Work to be completed -> Keep every word the same. Repeat the records without their images.

Records for this exercise ->
Start of Block

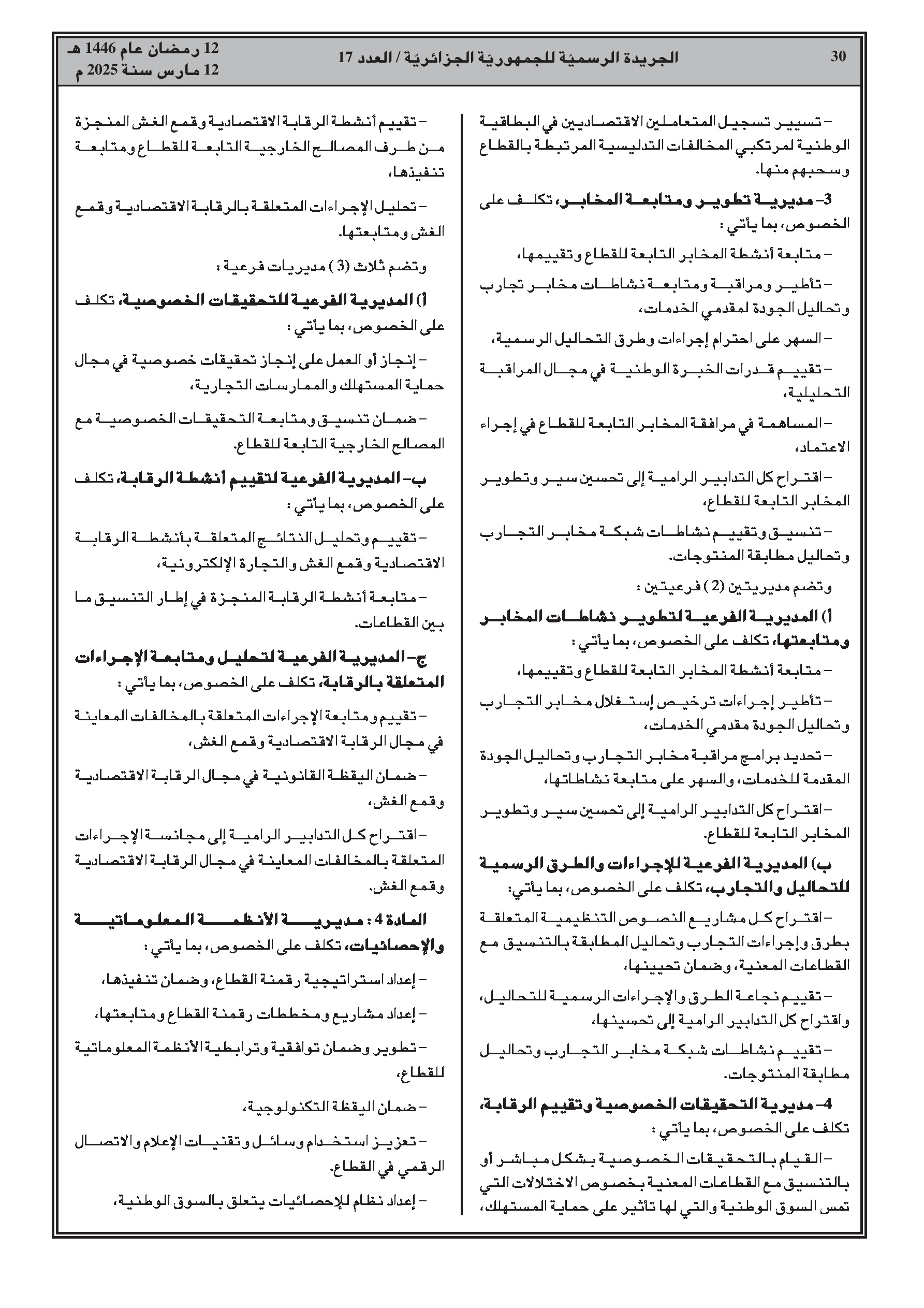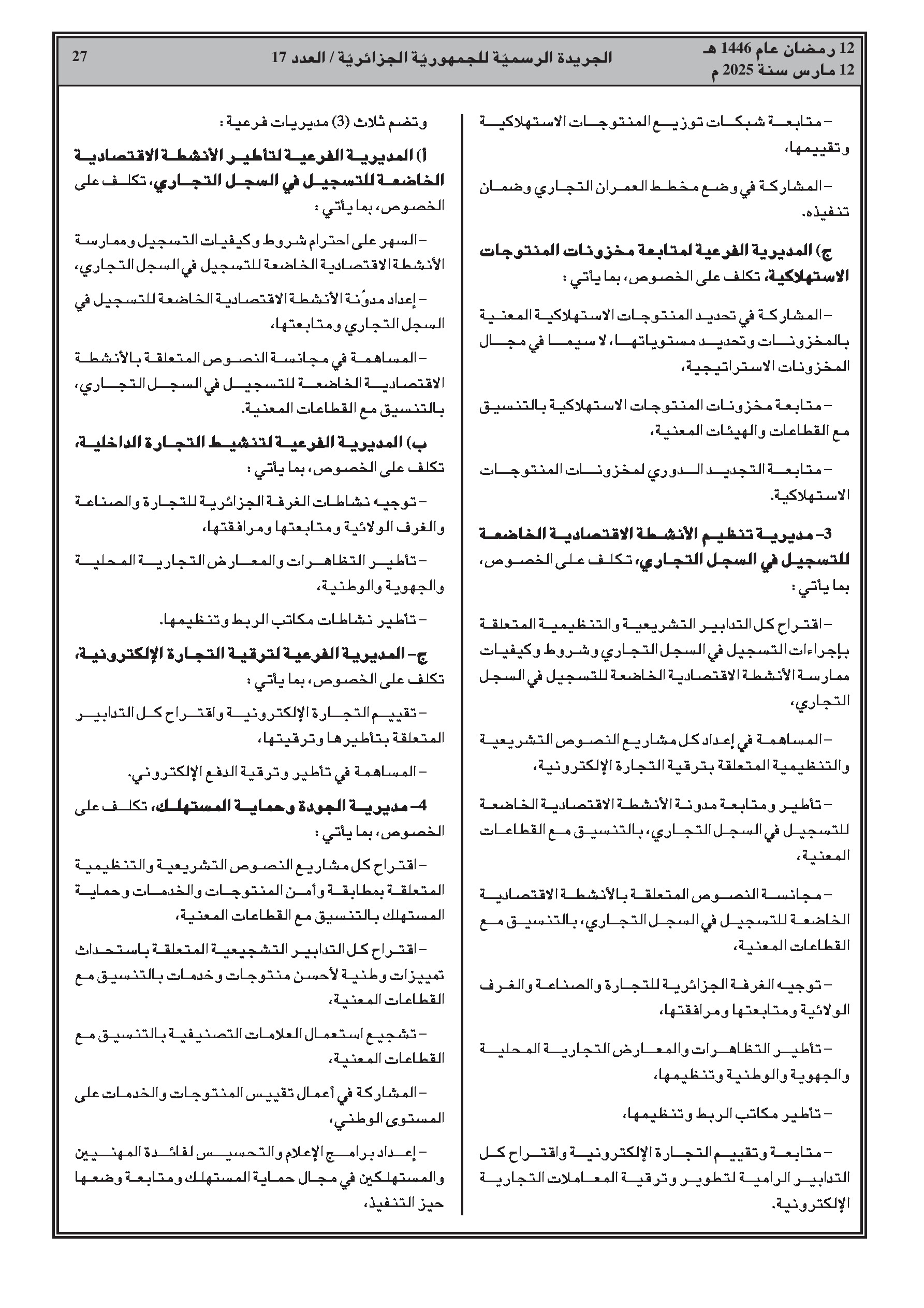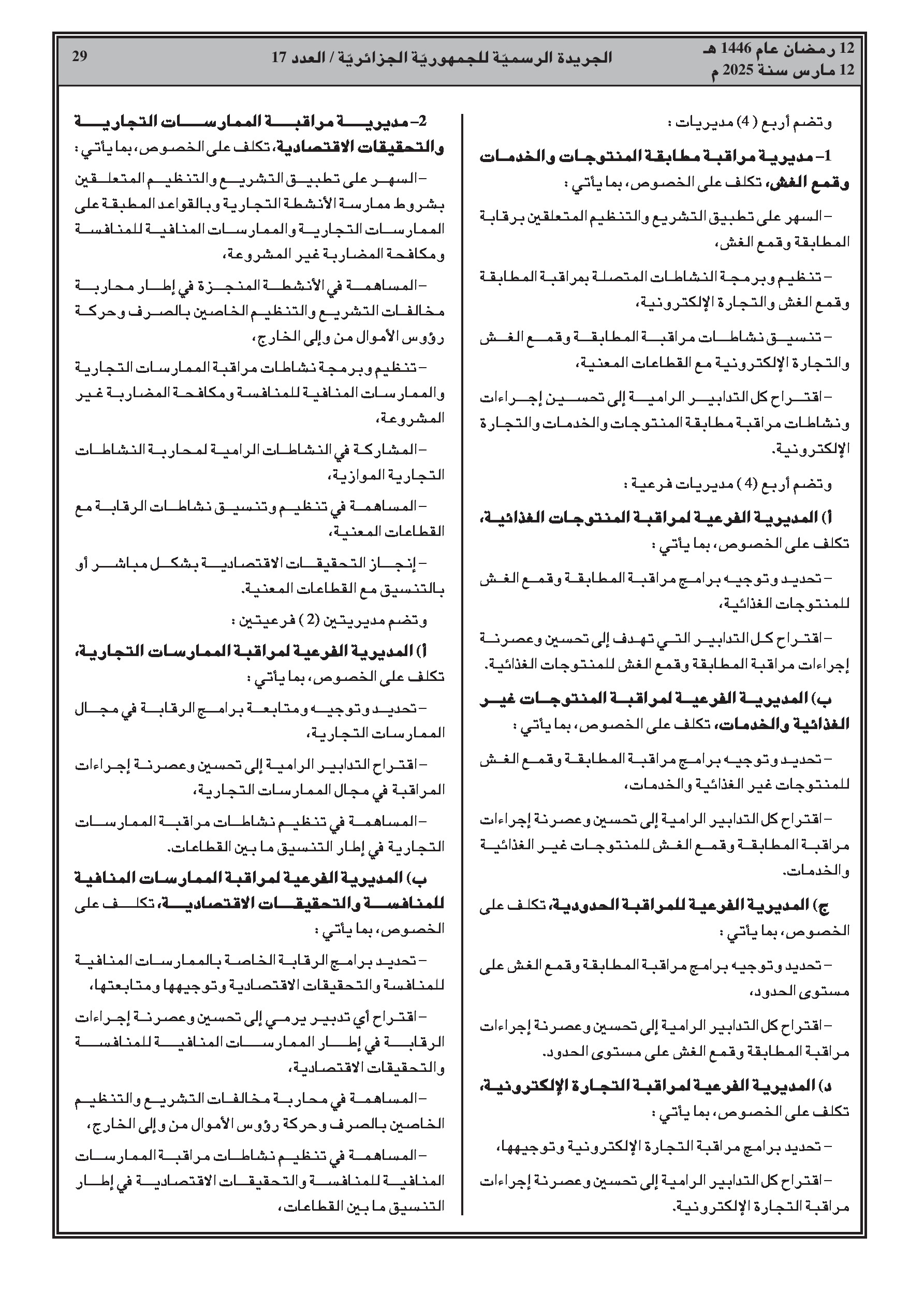 مرسوم تنفيذي رقم 25-100 يحدد تنظيم الإدارة المركزية لوزارة التجارة الداخلية وتنظيم السوق الوطنية، وتضم الأمانة العامة، ديوان الوزير، المفتشية العامة، ومديريتين عامتين (مديرية عامة لضبط وتنظيم السوق الوطنية؛ مديرية عامة للمراقبة الاقتصادية وقمع الغش) و3 مديريات أخرى.
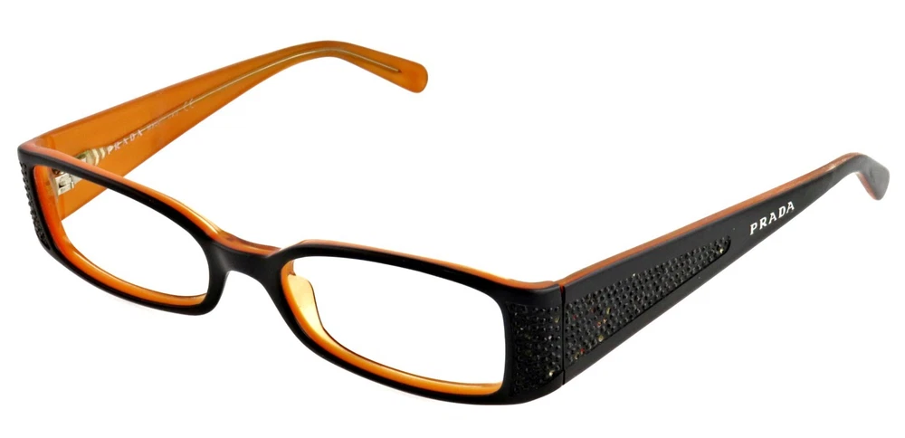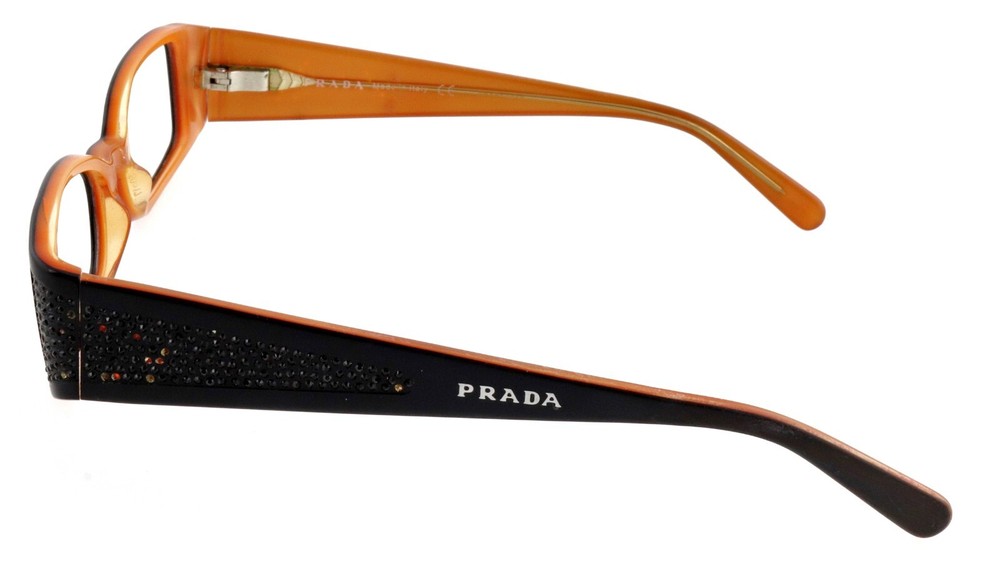PRADA Model: VPR19I 1AX -1O1 Size: 50mm 50-17-135 Frame Color: Black on Orange Frame Material: Acetate Made in Italy note some ornament stones, excellent condition otherwise
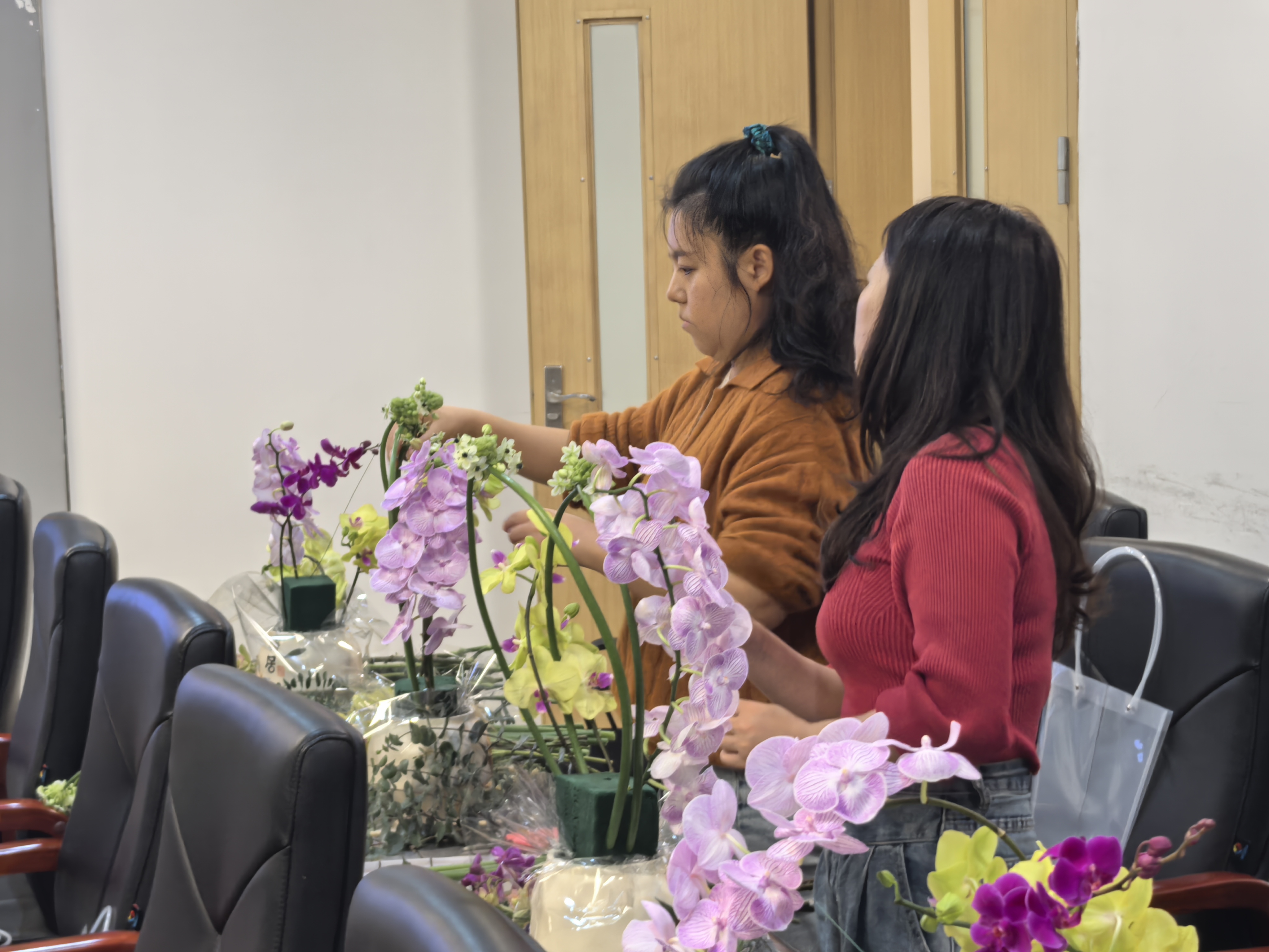 春和景明,芳华灼灼。为丰富教职工精神文化生活,展现新时代女教职工“柔肩担重任、巾帼绽芳华”的精神风貌,3月20日下午,材料科学与工程学院分工会在东校园化学材料综合楼C213室举办“芳花艺韵 巾帼风华”主题花艺活动。学院工会主席杨建文出席活动,学院党委副书记许俊卿等20余位教职工齐聚一堂,以花为媒、以艺润心,共赴一场春日里的“美学之约”。
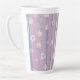 Sip in rustic charm with the Gingham Orchard Latte Mug. This cozy and whimsical design features vertical brushstroke stripes in soft shades of pink, gray, and blue, layered with white gingham silhouettes of apples and flowers. The combination of painterly textures and classic gingham patterns creates a nostalgic yet modern feel — perfect for mornings, study breaks, or gifting.
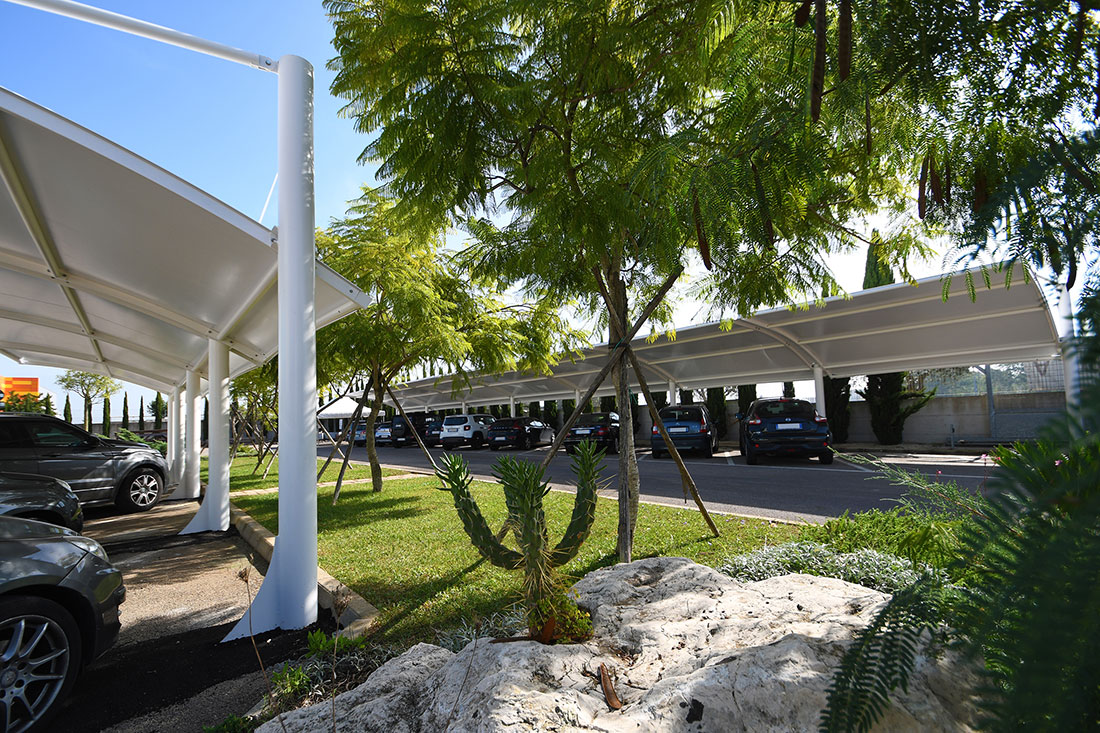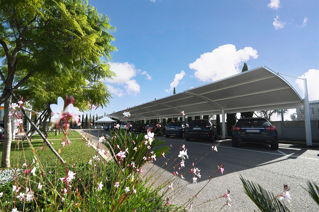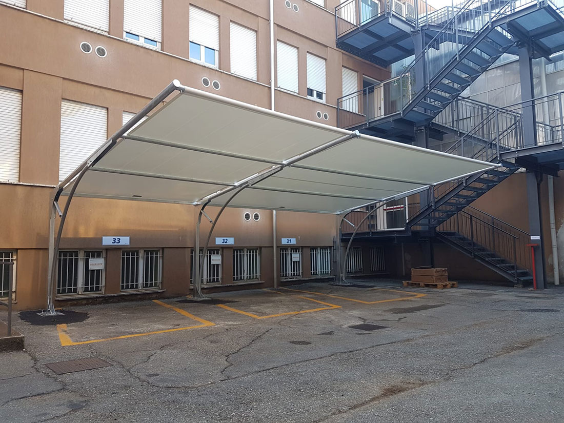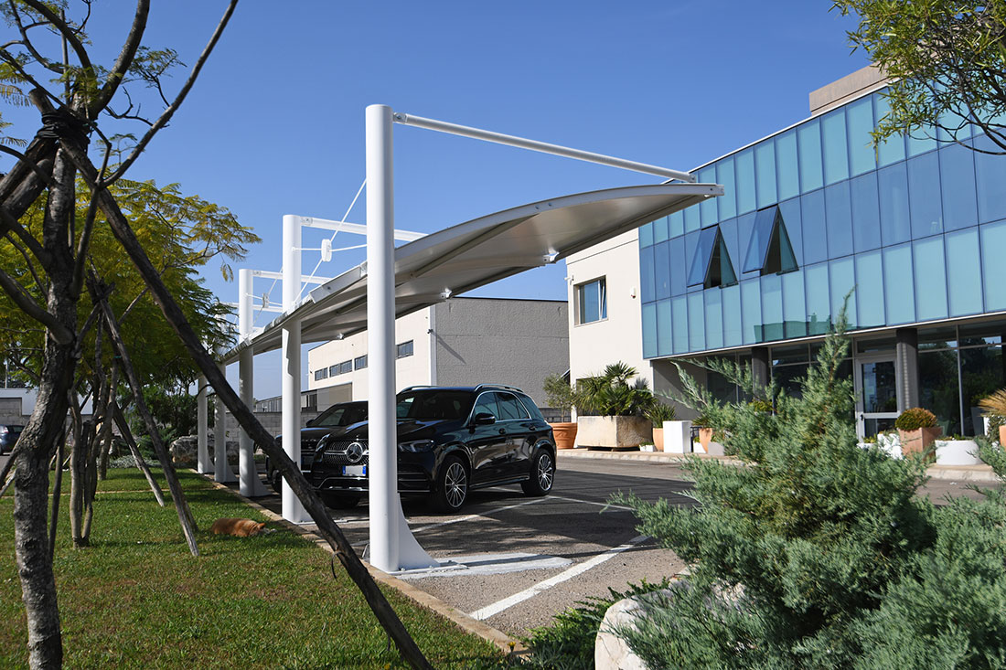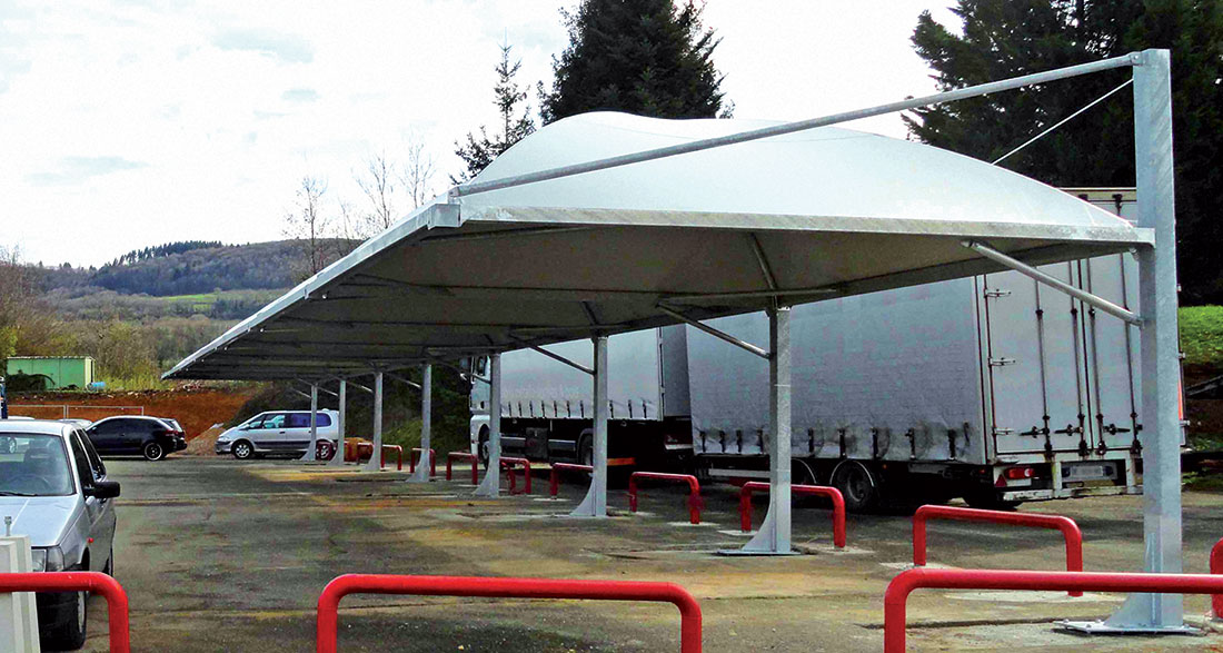 Un carport industriale deve offrire riparo efficace dagli agenti atmosferici.

End of Block

Reply to the exercise ->
 مرسوم تنفيذي رقم 25-100 يحدد تنظيم الإدارة المركزية لوزارة التجارة الداخلية وتنظيم السوق الوطنية، وتضم الأمانة العامة، ديوان الوزير، المفتشية العامة، ومديريتين عامتين (مديرية عامة لضبط وتنظيم السوق الوطنية؛ مديرية عامة للمراقبة الاقتصادية وقمع الغش) و3 مديريات أخرى.
PRADA Model: VPR19I 1AX -1O1 Size: 50mm 50-17-135 Frame Color: Black on Orange Frame Material: Acetate Made in Italy note some ornament stones, excellent condition otherwise
 春和景明,芳华灼灼。为丰富教职工精神文化生活,展现新时代女教职工“柔肩担重任、巾帼绽芳华”的精神风貌,3月20日下午,材料科学与工程学院分工会在东校园化学材料综合楼C213室举办“芳花艺韵 巾帼风华”主题花艺活动。学院工会主席杨建文出席活动,学院党委副书记许俊卿等20余位教职工齐聚一堂,以花为媒、以艺润心,共赴一场春日里的“美学之约”。
 Sip in rustic charm with the Gingham Orchard Latte Mug. This cozy and whimsical design features vertical brushstroke stripes in soft shades of pink, gray, and blue, layered with white gingham silhouettes of apples and flowers. The combination of painterly textures and classic gingham patterns creates a nostalgic yet modern feel — perfect for mornings, study breaks, or gifting.
 Un carport industriale deve offrire riparo efficace dagli agenti atmosferici.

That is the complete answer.